Getting setup for the Hugging Face ecosystem
The following steps are to help you get started with the Hugging Face ecosystem.
Best to follow the “Start here” steps and then go through the other setup steps as necessary.
Start here (universal steps)
- Create a free Hugging Face account at https://huggingface.co/join.
- Create a Hugging Face access token with read and write access at https://huggingface.co/settings/tokens.
- You can create a read/write token using the fine-grained settings and selecting all the appropriate options.
- Read more on Hugging Face access tokens at https://huggingface.co/docs/hub/en/security-tokens.
Note: Do not share your token with others. Always keep it private and avoid saving it in raw text format.
Getting setup on Google Colab
Note: If you’re unfamiliar with Google Colab, I’d recommend going through Sam Witteveen’s video Colab 101 and then Advanced Colab to learn more.

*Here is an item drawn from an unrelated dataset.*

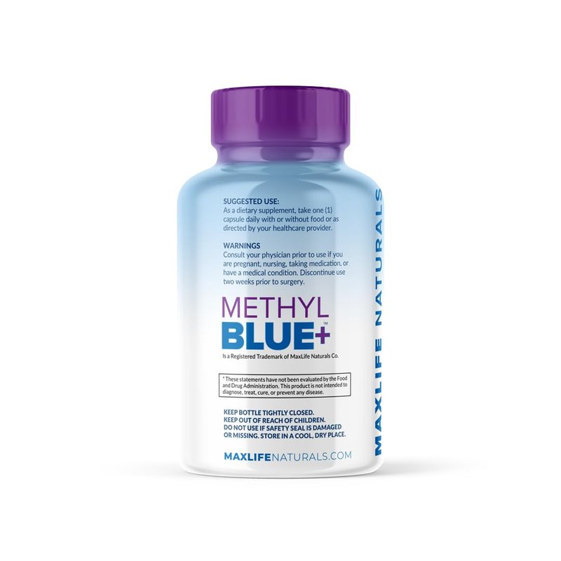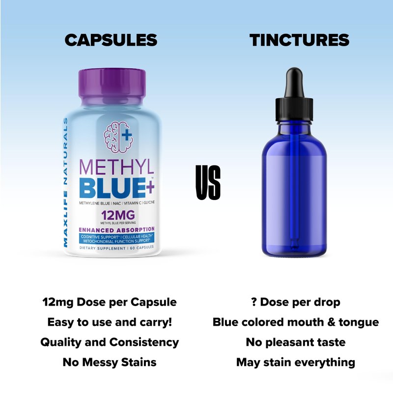 Pure Methylene Blue Capsules Pharmaceutical Grade 12mg - 60 Capsules, High-Purity Antioxidant Ultimate Methylene Blue Supplement Capsules with Vitamin C Ester, & NAC Glycine for Mental Clarity

- Follow the steps in Start here.
- Add your Hugging Face read/write token as a Secret in Google Colab.
- Naming this Secret
HF_TOKEN
will mean that Hugging Face libraries automatically recognize your token for future use.
- Naming this Secret
Alternatively, if you need to force relogin for a notebook session, you can run:
import huggingface_hub # requires !pip install huggingface_hub
# Login to Hugging Face
huggingface_hub.login()
And enter your token in the box that appears (note: this token will only be active for the current notebook session and will delete when your Google Colab instance terminates).
TK - Getting started locally
- Follow the steps in Start here.
- Install the Hugging Face CLI with
pip install -U "huggingface_hub[cli]"
. - Follow the setup steps mentioned in https://huggingface.co/docs/huggingface_hub/en/guides/cli.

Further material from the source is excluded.